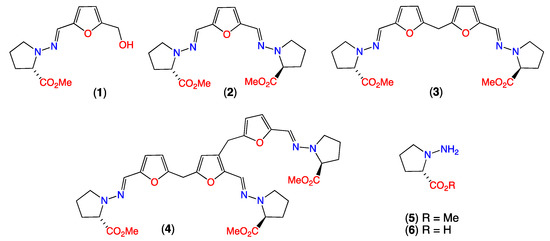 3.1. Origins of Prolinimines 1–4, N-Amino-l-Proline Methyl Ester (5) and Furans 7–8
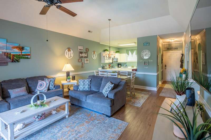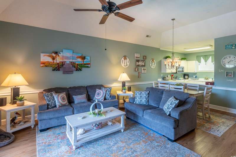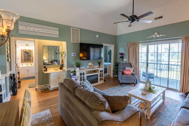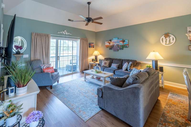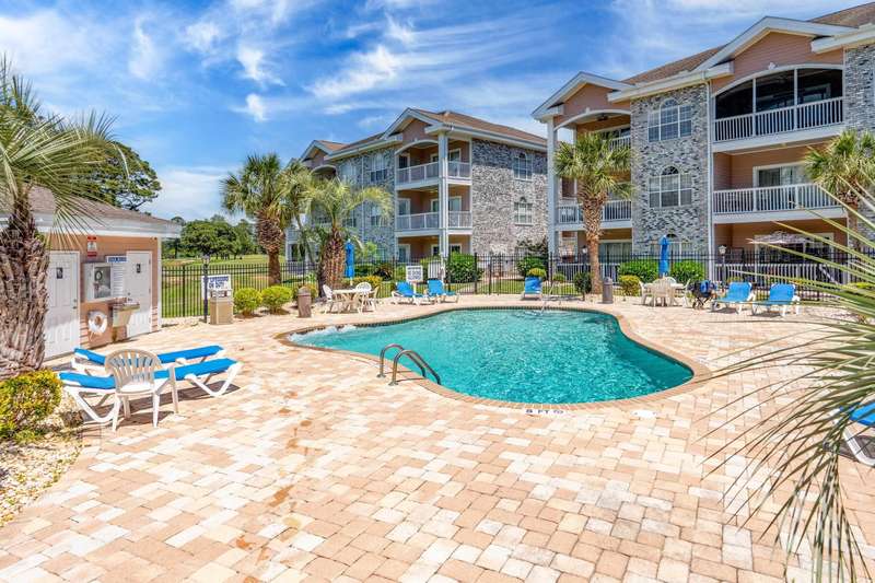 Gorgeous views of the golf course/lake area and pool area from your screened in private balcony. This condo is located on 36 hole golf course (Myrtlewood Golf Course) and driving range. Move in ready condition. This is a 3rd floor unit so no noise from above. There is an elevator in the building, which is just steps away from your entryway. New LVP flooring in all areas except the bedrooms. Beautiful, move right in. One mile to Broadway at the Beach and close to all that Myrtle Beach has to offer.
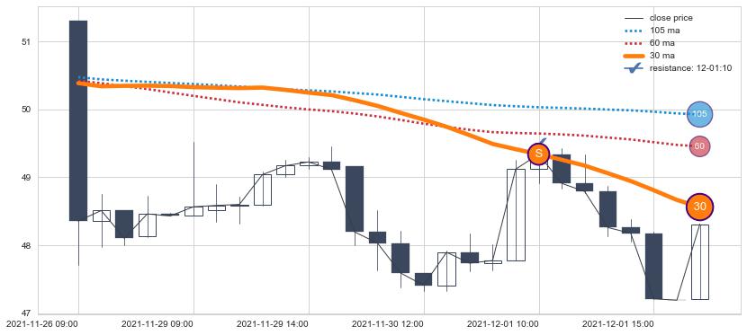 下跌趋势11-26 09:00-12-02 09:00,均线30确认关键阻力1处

* * *

## What is needed
Once the pictures are set aside, repeat the remaining data word for word.

## Exercise output
 3.1. Origins of Prolinimines 1–4, N-Amino-l-Proline Methyl Ester (5) and Furans 7–8
 Gorgeous views of the golf course/lake area and pool area from your screened in private balcony. This condo is located on 36 hole golf course (Myrtlewood Golf Course) and driving range. Move in ready condition. This is a 3rd floor unit so no noise from above. There is an elevator in the building, which is just steps away from your entryway. New LVP flooring in all areas except the bedrooms. Beautiful, move right in. One mile to Broadway at the Beach and close to all that Myrtle Beach has to offer.
 下跌趋势11-26 09:00-12-02 09:00,均线30确认关键阻力1处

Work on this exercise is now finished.